It was just about 3 months after my SCA that I had an “interesting” few days. It was a Saturday at the beginning of July and the garden hedges needed some cutting back. As i generally lacked the energy to do things like this my father-in-law came round to help out. He did most of the trimming that needed to be done but had to go before the last 2 small bushes could be tackled. I thought i could do them and so using my hedge trimmer I quickly got them into a reasonable shape. All pleased with myself, I had my first alcoholic drink since that dreaded day – a weak shandy.

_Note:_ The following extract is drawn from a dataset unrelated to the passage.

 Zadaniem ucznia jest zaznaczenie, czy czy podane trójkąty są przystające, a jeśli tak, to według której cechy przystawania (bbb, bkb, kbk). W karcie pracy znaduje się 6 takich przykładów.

I awoke the next day as normal, but noticed that my left arm didn’t feel quite right. Tracy got out of bed and flicked the light on to illuminate my arm better.  There was a bit of a shock as my arm was a kind of a purple colour and rather stiffer and colder than it should have been. We both realised something was seriously not right and so we dressed quickly and dashed to A&E. 

At A&E they took my recent history and we were expedited through to an examination room. I felt ok, but they wanted to do a number of tests including running an ECG. By now I’d had numerous ECG’s and was pretty familiar with the routine. Leads in, stickers on, lay back and relax for a minute. I did as I was told and closed my eyes and then WHAM! Something took hold of me like nothing else I’d experienced before. My senses set to overload, my adrenalin levels to max and a cacophony of panic enveloped me. I don’t know how long this lasted, it could of been minutes or seconds but it felt like a lifetime. Soothing voices calmed me out of my first and so far only panic attack. When I could see clearly again the small room was packed with doctors and nurses probably wondering why someone should freak out about having an ECG, probably the least painful of cardiac tests ever!

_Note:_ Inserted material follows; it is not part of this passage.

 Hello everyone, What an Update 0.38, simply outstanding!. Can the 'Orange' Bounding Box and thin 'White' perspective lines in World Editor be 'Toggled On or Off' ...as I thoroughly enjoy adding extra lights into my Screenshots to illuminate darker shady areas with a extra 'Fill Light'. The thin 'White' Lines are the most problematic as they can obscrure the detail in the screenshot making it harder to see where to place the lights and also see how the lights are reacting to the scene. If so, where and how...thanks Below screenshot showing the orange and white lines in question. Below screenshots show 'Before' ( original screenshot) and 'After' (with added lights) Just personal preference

I spent the next few nights in hospital as they tried to establish what had caused the problem with my arm. I pointed out that I’d had a recent ICD implant on the same side, but this was dismissed as the cause. I then again had quite a few scans and tests but with no conclusive outcome. I was pumped with medications to help with the swelling and was finally discharged non the wiser. I left the hospital with a promise of appointments with various ‘ology doctors and a bug which sapped me even more leaving me totally exhausted.

The rest of the summer passed and autumn came without any more incidents. The main swelling seemed to dissipate from my arm and it only returned when I tried to use my arm in excess. Doctors appointments came and went and with one even exclaiming I was probably the healthiest person he’d seen that week! Whether that was a compliment or comment on the state on the rest of his patients I’m not sure.

A week before Christmas I was in my gym with my wife, Tracy, who’s a qualified personal trainer. She was helping try and put some strength back in my muscles when she said to me “is your arm ok, it looks a funny colour.” Unfortunately, she was right and a quick dash to A&E ensued.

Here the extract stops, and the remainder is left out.